2. The knowledge of the following misconception may also help to save the public and the Post-Office a great amount of trouble. "It is often assumed," says the Postmaster-General, "that a mail-conveyance passing by, or through a place, ought, as a matter of course, to deposit," there and then, "the letters directed thereto; the practice being, on the contrary, that until the mail arrives at the head post-office of the district, the letters in question are not separated from the other letters of the district. A slight consideration of the nature and objects of the postal service will show that such separation cannot be effected in any other way, unless, indeed, the mail-conveyance, even supposing it to be but a mail-cart, were converted into a travelling post-office, and furnished with clerks of unlimited local knowledge (which is plainly impossible), or unless every town and village in the kingdom, having any correspondence with the place in question, were to make up a bag for that place; in which case its mail would contain nearly as many bags as letters."

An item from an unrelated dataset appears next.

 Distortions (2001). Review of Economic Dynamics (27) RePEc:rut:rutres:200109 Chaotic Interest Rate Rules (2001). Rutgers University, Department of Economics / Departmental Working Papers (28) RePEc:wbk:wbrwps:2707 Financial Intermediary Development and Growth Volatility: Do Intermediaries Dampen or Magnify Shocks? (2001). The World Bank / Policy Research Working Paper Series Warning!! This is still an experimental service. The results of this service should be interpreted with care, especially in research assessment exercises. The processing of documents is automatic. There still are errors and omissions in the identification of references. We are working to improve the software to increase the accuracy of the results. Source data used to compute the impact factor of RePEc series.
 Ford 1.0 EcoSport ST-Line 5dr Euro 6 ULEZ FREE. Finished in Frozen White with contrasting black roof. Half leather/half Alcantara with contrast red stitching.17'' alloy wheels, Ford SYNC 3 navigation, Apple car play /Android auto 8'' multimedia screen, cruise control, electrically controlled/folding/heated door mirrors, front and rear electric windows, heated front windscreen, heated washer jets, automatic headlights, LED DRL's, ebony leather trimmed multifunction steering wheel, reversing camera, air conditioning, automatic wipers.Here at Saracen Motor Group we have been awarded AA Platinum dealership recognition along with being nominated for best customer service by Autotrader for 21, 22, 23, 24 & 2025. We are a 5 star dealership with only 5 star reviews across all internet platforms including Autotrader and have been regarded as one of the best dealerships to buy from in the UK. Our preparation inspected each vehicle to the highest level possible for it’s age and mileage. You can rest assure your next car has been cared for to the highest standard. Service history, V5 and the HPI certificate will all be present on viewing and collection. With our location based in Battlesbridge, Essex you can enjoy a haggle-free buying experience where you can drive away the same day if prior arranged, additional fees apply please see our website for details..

3. "It happens from time to time that, owing to the stream of postal communications having been diverted from the old mail-road to a line of railway, or from other causes of like nature, it becomes desirable to reduce the post-office of a town from the condition of a principal office to that of a sub-office. This step not unfrequently gives rise to complaints, the inhabitants being under the impression that they will not in future be so well served. This is a misconception. The change is not made when it will subject the correspondence to delay; nor does it cause any withdrawal of accommodation in respect to money-orders. It is, in fact, only a departmental arrangement, which consists in carrying on the sorting of the letters for the new sub-office at some intermediate office, instead of sending the letters in direct bags."

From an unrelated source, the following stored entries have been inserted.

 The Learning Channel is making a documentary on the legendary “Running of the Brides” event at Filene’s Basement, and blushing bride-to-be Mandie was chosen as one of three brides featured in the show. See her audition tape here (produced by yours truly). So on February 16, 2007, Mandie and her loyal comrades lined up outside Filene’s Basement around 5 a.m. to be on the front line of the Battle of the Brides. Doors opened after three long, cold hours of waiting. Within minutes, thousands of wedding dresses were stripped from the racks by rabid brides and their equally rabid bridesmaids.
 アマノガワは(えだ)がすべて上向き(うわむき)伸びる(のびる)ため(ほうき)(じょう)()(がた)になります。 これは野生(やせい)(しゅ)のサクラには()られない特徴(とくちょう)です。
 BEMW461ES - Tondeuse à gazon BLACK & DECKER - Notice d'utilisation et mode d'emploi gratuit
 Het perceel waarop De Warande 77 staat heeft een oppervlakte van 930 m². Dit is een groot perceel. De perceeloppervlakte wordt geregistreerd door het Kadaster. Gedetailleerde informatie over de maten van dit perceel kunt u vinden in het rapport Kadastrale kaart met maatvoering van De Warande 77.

4. "Another misconception, which occasionally causes trouble and disappointment, consists in assuming that a discretionary power can be intrusted to subordinate officers to remit penalties or overcharges under special circumstances. Cases will occur in which strict observance of a general rule may inflict more or less injustice upon individuals, and where a dispensing power immediately at hand might furnish a remedy. In an establishment as large and as widely spread as the Post-Office, however, there will always be many subordinate officers, some of them carrying on their duties beyond the easy reach of any supervising authority, who are not fit depositaries of such a power, affecting, as it would to a great degree, the public revenue. It therefore becomes necessary to lay down definite and precise rules, from which no departure can be allowed, except under sanction of the Postmaster-General; and in the few instances in which these rules press hardly, appeal must be made to the General Post-Office. It must be added, that in many instances even such appeal is necessarily fruitless, the Postmaster-General being bound to a particular course by positive law."

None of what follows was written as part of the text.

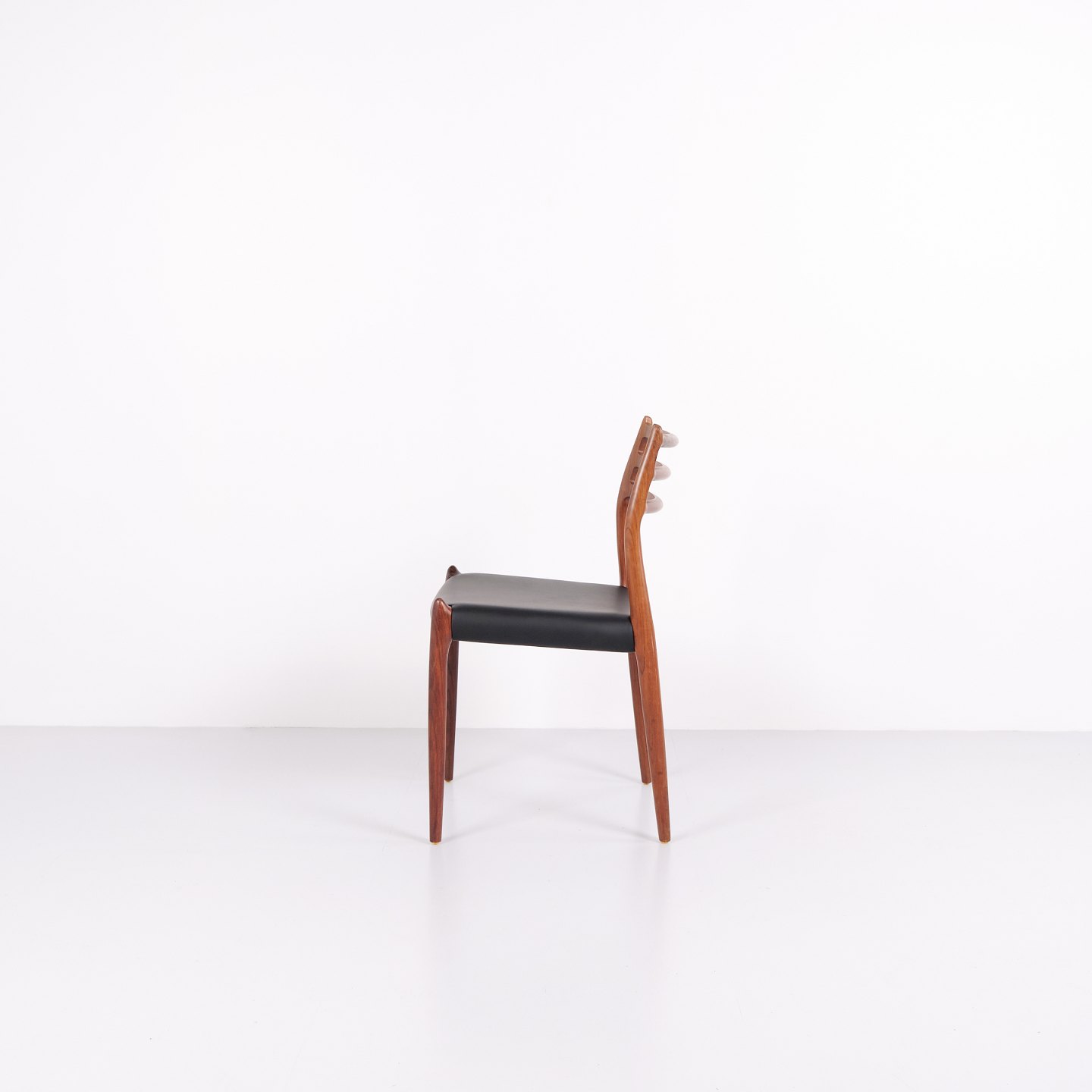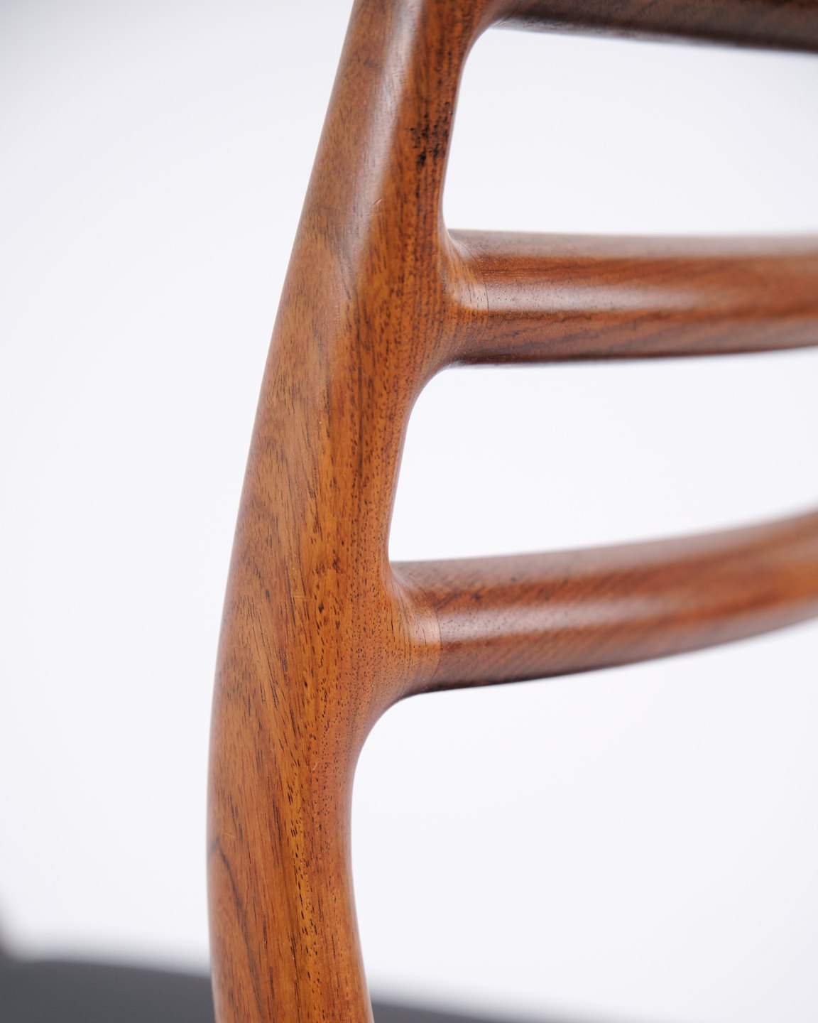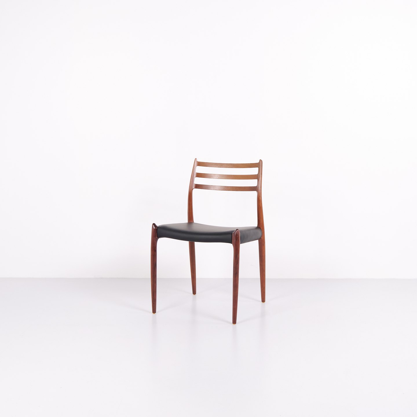 Ensemble de quatre chaises de salle à manger N.O. Møller, modèle 78, en palissandre des années 1950. Design danois classique avec un élégant travail d’ébénisterie.

5. "In regard to the expense of railway conveyance, the public naturally supposes, that as such conveyance is cheapest for ordinary purposes, and as the charges made for the carriage of mails are subject to arbitration, that it must be cheapest for postal purposes also; and, indeed, so cheap, as to warrant the free use of the railways, either as substitutes for other conveyance, or for the multiplication of mails. The fact, however, is very different. Except in certain instances, where companies have entered into arrangements, securing to the Post-Office the use of their trains on moderate, though still highly remunerative terms, railway conveyance, with all its acknowledged advantages, has proved much more expensive than that which it has superseded." We have already spoken at length of railways in relation to the Post-Office, and will not here add any further remark.

6. The English Postmaster-General is frequently supposed to have some control over colonial post-offices, and even those of foreign countries. Except at Gibraltar and Malta, however, he is quite powerless out of the United Kingdom.